For the amount of money that has been thrown at NASA for development of the next generation of rockets, they should have been able to come up with something. (Though I do recognize that their budgets have been slashed, and that's not okay either.)

"Hey! Look at this new thing we just came up with!"
"That's no good! You started during the previous administration and he'll take credit for it! Cancel it!"
"What?! But we've already spent all this..."
"CANCEL IT."
"Sigh. Fine. what should we do?"
"Something NEW!"
"Look at NASA. All they do is waste money."


Now now, every few years they kill off some people as well
 
2011-11-06 07:45:04 PM
+1 for the copious use of the new BSG soundtrack.

/Caught some First Contact in there too...
 
X15
2011-11-06 07:57:43 PM
erveek: dustlesswalnut: It was way past it's prime and needed to be retired. I respect and understand that it was an amazing vehicle, but it's time had come. We should have been developing other forms of transport during the past 40 years; we just let the program stagnate with this thing.

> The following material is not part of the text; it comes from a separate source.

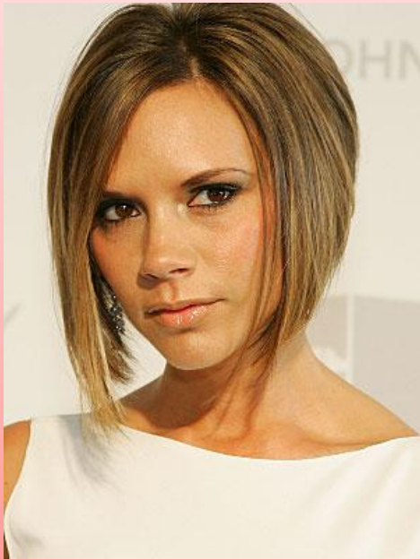
Victoria Beckham (Ex-Spice Girl)

“Nasci em Hertfordshire, Inglaterra. Os meus pais eram muito ricos e cheguei a pedir-lhes que não me deixassem em frente da escola, para que os meus amigos não vissem o nosso Rolls-Royce. Muitos tinham inveja e também gozavam comigo devido ao meu acne.”

For the amount of money that has been thrown at NASA for development of the next generation of rockets, they should have been able to come up with something. (Though I do recognize that their budgets have been slashed, and that's not okay either.)

"Hey! Look at this new thing we just came up with!"
"That's no good! It's really stupid, wasteful, horribly under-budgeted and slow! Cancel it!"
"What?! But we've already spent all this..."
"CANCEL IT."
"Sigh. Fine. what should we do?"
"Something not retarded!"
"Whar has teh PORK gone? WHAR?!"


FTFY
 
2011-11-06 07:59:57 PM
a different time, you understand. NASSA (new window) is no exception.
/long, but well worth it
//skip to 3:56 if you really must
 
2011-11-06 08:14:35 PM
studebaker hoch: The shuttle was designed after Apollo, where a re-usable vehicle sounded like a good idea.

We didn't predict the siliicon revolution of the 1980's. Or that it would make satellites cheaper than the cost to fly a manned mission to go get them.

We also seem to have forgotten why Apollo was manned in the first place - it HAD to be, to beat the Russians to the Moon, so they couldn't legally claim it for themselves. Men in space were a source of nationalistic pride, but not needed for anything at all.

Once we won the Moon, we needed to keep going to Mars, not stick around in low Earth orbit wasting money and time on easy missions with over-engineered equipment.

Anyway, it's over. Now we can get back to proper space exploration, and send men to other worlds.


Actually, what the shuttle didn't count on was politics.
Some idiot tried to push a one size fits all mentality ( the kind that's crippled every program since ) because it fit the voodoo programmatics of the time.

A reusable space plane, a dc3 of low orbit, is the perfect thing for expanding that frontier. unfortunately it's not what got built. They made a 90 ton capsule in all the correct states but with none of the correct stats.
The final mistake was in never allowing it to evolve or be replaced.
 
2011-11-06 08:33:17 PM
studebaker hoch: The shuttle was designed after Apollo, where a re-usable vehicle sounded like a good idea...

We also seem to have forgotten why Apollo was manned in the first place - it HAD to be, to beat the Russians to the Moon...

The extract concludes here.